I understand that breast is best, and envy mothers that have the ability to breastfeed their children. I remember taking the breastfeeding class and it all sounding so simple, and remember us whispering that we would never give our child formula as long as I could breastfeed. Then the first time Tuff latched on in the hospital, and this incredible wave of ecstasy washed over me as he suckled and looked into my eyes for the first time. I fell in love with my son that night, the deepest love I have ever felt, and looking into my husband’s eyes while feeding our son made me fall in love with him all over again as well. It was the most extraordinary feeling I have ever experienced in my life.
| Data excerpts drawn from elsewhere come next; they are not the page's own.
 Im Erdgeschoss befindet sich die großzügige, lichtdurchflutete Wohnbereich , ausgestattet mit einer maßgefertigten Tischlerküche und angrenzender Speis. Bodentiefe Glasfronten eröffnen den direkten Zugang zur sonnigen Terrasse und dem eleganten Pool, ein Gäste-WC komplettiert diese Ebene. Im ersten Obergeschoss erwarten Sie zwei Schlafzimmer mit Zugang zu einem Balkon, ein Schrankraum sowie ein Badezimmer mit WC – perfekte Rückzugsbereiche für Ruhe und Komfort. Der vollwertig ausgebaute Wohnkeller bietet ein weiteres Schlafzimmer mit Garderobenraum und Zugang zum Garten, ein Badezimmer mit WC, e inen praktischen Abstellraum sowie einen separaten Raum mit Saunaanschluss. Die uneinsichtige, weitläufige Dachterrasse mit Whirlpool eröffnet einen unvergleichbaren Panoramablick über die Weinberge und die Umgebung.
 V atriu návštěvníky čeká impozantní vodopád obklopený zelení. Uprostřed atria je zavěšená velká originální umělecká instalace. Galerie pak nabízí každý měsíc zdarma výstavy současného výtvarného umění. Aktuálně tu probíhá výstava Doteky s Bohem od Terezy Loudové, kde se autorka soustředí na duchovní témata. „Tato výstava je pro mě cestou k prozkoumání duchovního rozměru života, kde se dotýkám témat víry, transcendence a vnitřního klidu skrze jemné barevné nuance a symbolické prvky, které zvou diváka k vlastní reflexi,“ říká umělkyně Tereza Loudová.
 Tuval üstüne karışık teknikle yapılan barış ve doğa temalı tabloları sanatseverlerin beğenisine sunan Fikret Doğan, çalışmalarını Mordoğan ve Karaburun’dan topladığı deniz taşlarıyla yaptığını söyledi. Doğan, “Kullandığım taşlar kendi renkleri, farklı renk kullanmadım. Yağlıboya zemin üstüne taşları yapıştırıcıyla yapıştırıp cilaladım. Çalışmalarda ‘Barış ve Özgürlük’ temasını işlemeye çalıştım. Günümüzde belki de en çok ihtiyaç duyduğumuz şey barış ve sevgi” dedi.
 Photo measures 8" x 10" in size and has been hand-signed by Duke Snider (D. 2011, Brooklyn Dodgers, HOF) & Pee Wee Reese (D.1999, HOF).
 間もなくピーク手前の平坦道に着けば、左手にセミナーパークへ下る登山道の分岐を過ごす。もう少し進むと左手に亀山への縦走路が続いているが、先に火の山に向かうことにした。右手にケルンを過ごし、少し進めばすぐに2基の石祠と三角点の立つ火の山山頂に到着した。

Maybe that is why I was so irritated last week, and why I’m so glad that it’s over. It reminded me of what I could not provide for my child.
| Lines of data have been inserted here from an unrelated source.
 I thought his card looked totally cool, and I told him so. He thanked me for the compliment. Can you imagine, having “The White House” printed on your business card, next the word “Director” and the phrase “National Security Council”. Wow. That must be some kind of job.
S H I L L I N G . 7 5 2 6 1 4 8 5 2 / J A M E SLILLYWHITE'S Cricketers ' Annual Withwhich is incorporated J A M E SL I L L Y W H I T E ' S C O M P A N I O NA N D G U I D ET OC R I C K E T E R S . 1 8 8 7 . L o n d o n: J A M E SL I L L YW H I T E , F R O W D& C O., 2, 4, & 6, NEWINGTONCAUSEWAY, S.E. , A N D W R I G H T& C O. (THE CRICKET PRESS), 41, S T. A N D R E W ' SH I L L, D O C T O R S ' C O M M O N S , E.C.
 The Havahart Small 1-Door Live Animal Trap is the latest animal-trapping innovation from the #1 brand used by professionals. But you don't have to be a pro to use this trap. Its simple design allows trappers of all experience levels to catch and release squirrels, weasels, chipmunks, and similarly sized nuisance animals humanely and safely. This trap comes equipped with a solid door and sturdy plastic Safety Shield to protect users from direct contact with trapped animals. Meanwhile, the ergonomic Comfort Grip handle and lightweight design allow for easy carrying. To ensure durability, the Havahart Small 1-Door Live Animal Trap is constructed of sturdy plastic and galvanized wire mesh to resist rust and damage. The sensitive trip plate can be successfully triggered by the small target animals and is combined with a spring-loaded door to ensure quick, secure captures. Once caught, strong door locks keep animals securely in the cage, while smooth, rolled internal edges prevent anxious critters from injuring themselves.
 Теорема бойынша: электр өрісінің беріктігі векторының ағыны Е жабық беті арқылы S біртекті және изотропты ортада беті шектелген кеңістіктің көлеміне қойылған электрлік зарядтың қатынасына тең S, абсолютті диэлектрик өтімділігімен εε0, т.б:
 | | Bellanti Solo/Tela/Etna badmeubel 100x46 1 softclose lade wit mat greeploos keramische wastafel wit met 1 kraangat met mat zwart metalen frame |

There are a lot of flaws with formula that we have observed. Most noticeably being Tuff’s stool. He only has a bowel movement every few days, and sometimes he has to strain to get them out. They are very thick, a consistency I can only describe as molding clay, and 99% of the time it is blue green in color from all the iron they have to fortify the formula with. We’ve had to switch to a “gentle”, non-lactose formula that is easier on his digestive tract. We also have to make sure that after each feeding, his face and neck are wiped of all drippings because it causes him to have little rashes in the crease of his neck and chin. Beyond the physical affects, it is a colossal expense to add to your already constricted post-baby budget.
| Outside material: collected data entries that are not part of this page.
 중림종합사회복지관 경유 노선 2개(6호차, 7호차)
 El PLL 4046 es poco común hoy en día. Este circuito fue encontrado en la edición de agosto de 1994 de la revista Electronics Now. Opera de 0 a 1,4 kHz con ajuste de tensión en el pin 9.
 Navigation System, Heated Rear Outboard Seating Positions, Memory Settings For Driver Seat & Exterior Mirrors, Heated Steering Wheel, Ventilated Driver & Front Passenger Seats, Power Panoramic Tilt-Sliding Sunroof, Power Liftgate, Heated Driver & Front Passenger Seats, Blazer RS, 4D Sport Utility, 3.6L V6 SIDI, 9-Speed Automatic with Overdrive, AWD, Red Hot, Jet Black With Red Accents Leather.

Having said a couple of the cons to feeding my son formula, here is a pro that outweighs any con you can give me. My son is healthy, happy, alive and thriving! If it weren’t for formula, I’m not sure where we would be. (Only thoughts of wet nursing or giving goats milk come to mind, neither of which are encouraging contemplations.) He is the most laid back and happy child you ever would meet. He smiles, and giggles, and is so intelligent and sweet. He has received 5 stars for all of his well-baby visits to date, and we could not be happier.

My rage, of course, is not with breastfeeding women… but with the empty dreams of breastfeeding my son in the park on warm summer days and the fear that he could have had better. It’s not that I did not support national breastfeeding week, it’s that I was hurt that I could not participate.

If you know me, though, you know my rage has a very short lifespan (much like my attention span). I am so grateful for my son, and my family, and how healthy we all are… We are truly blessed with so many positive features in our lives that it’s hard to stay in a slump for too long. The nostalgia of breastfeeding will always be there, and I have confidence that when we have our next child I will be able to breastfeed her.